Managing servers

Monitoring & alerts

What the background monitor checks, how alerts reach you in Telegram, and per-user preferences for mutes and quiet hours.

What runs every 5 minutes

The background monitor loops over every server in the database and runs four checks:

Gateway health — openclaw health --json. If it exits non-zero, fire a gateway_down alert.
Session tokens — parses openclaw sessions --all-agents --json and fires token_overflow if any session is above 80%.
Disk — df / --output=pcent. Fires disk_full (warning) if root is above 90%.
API provider errors — greps the gateway journalctl for recent "All models failed" messages and fires api_errors if any show up.

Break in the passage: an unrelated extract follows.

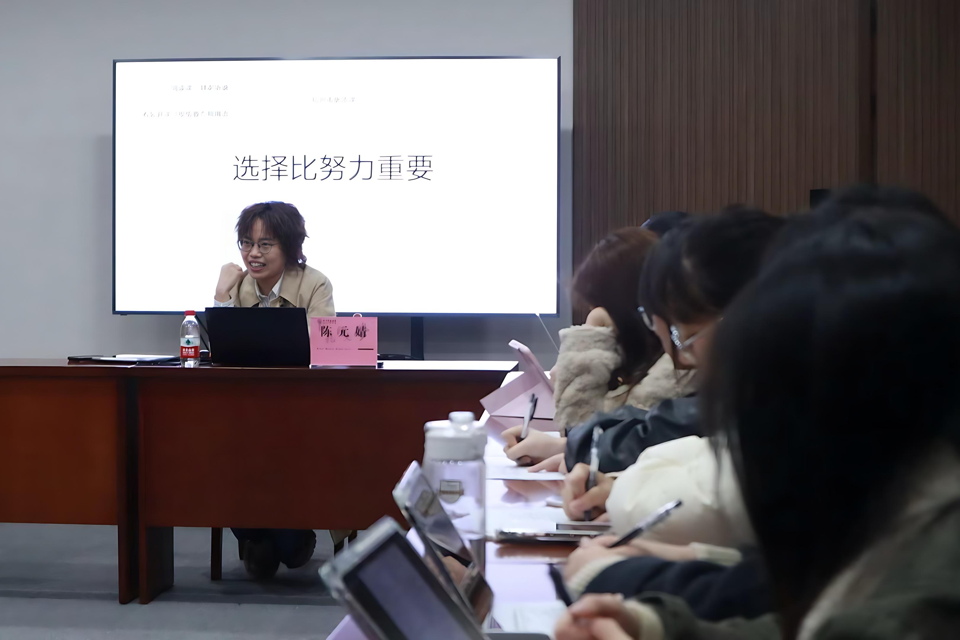 现任天元公学(西站)英语教师的陈元婧学姐以“英语非师范生考编实战经验分享”为主题,从考编信息筛选、备考方向选择、完整考编流程及心态调节四大方面展开分享。她梳理了考编信息获取渠道,打破备考误区,为不同年级学子给出针对性建议。她强调备考方向选择的重要性,分享小红书、优质公开课等备考资源,讲解教学技能打磨技巧。陈元婧学姐还详细拆解了考编从报名、笔试面试到录用体检的全流程细节,结合教学心得寄语学子放平心态、享受教育过程。

Consecutive failure threshold

If the monitor itself can't reach a server (SSH error, timeout, etc.), it waits for 3 consecutive failures before firing a monitor_error alert. This prevents flapping on a server that's restarting or on a jittery network.

Watchdog

A separate timer runs every minute and checks when the monitor last completed a full cycle. If it's been more than 15 minutes, it bypasses the normal alert pipeline and sends a direct Telegram message to all super-admins: "EXMER monitor is STALE — last completed N min ago". This catches hangs that the monitor can't notice itself.

Who gets alerts

For each fired alert, the recipient list is built from:

The server's owner
Admin members (not viewers) from server_access
All super-admins from ADMIN_USER_IDS

Each recipient then passes through their personal notification preferences.

Notification preferences

Every authenticated user can mute individual alert types and set a quiet-hours window. Defaults: everything on, no quiet hours. Managed at PUT /api/me/notification-prefs. Supports wraparound quiet hours (e.g. 22:00–07:00 for overnight).

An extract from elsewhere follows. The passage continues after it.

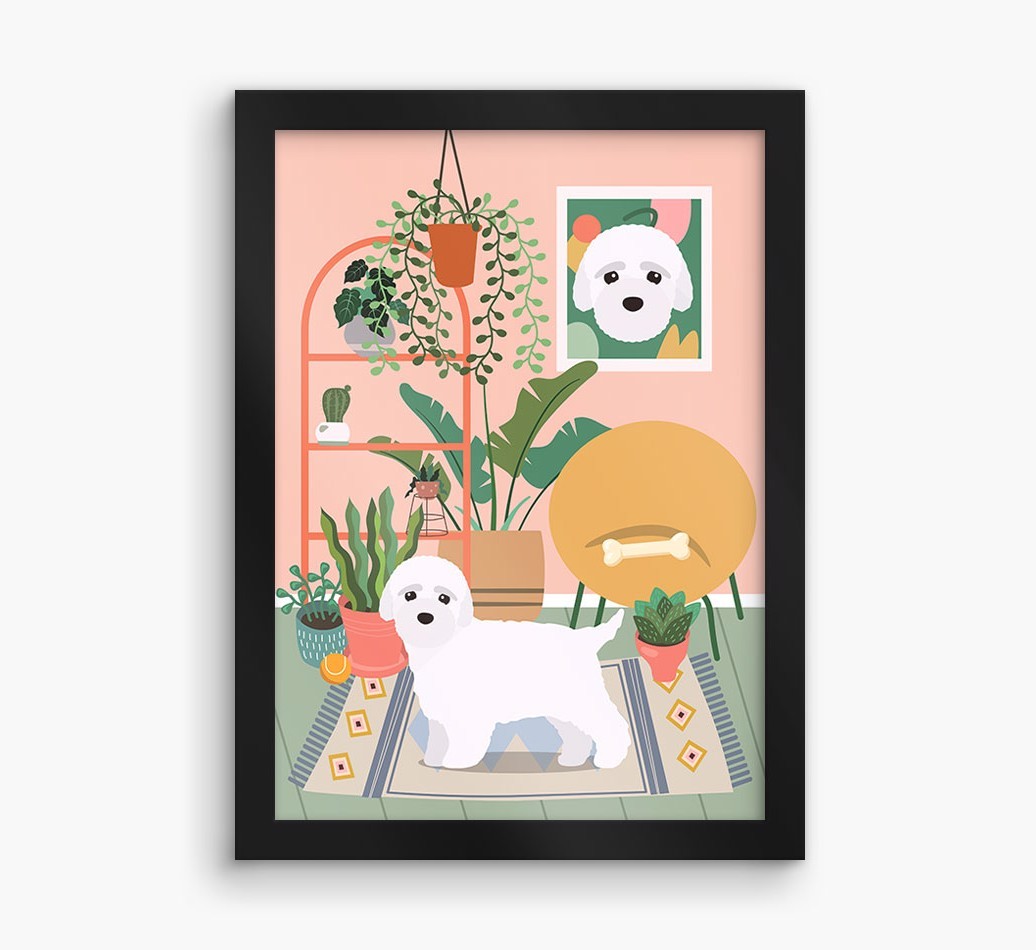 This contemporary piece of wall art pairs a chic living space with lovely pastel tones and a jungle of houseplants. Complete with the one that makes your house a home - Bich-poo! - this print is a wonderful way to display your love for your pooch.

Alert type	Fires when	Severity
`gateway_down`	openclaw health returns non-zero	critical
`connection_failed`	SSH connection to server fails	critical
`token_overflow`	Session tokens above 80%	warning
`disk_full`	Root disk above 90%	warning
`api_errors`	Provider errors in gateway logs	warning / critical
`monitor_error`	3 consecutive monitor failures	critical

Alert storage

Every fired alert is also stored in the alerts table with read/unread status. The Alerts page in the Mini App shows the full history.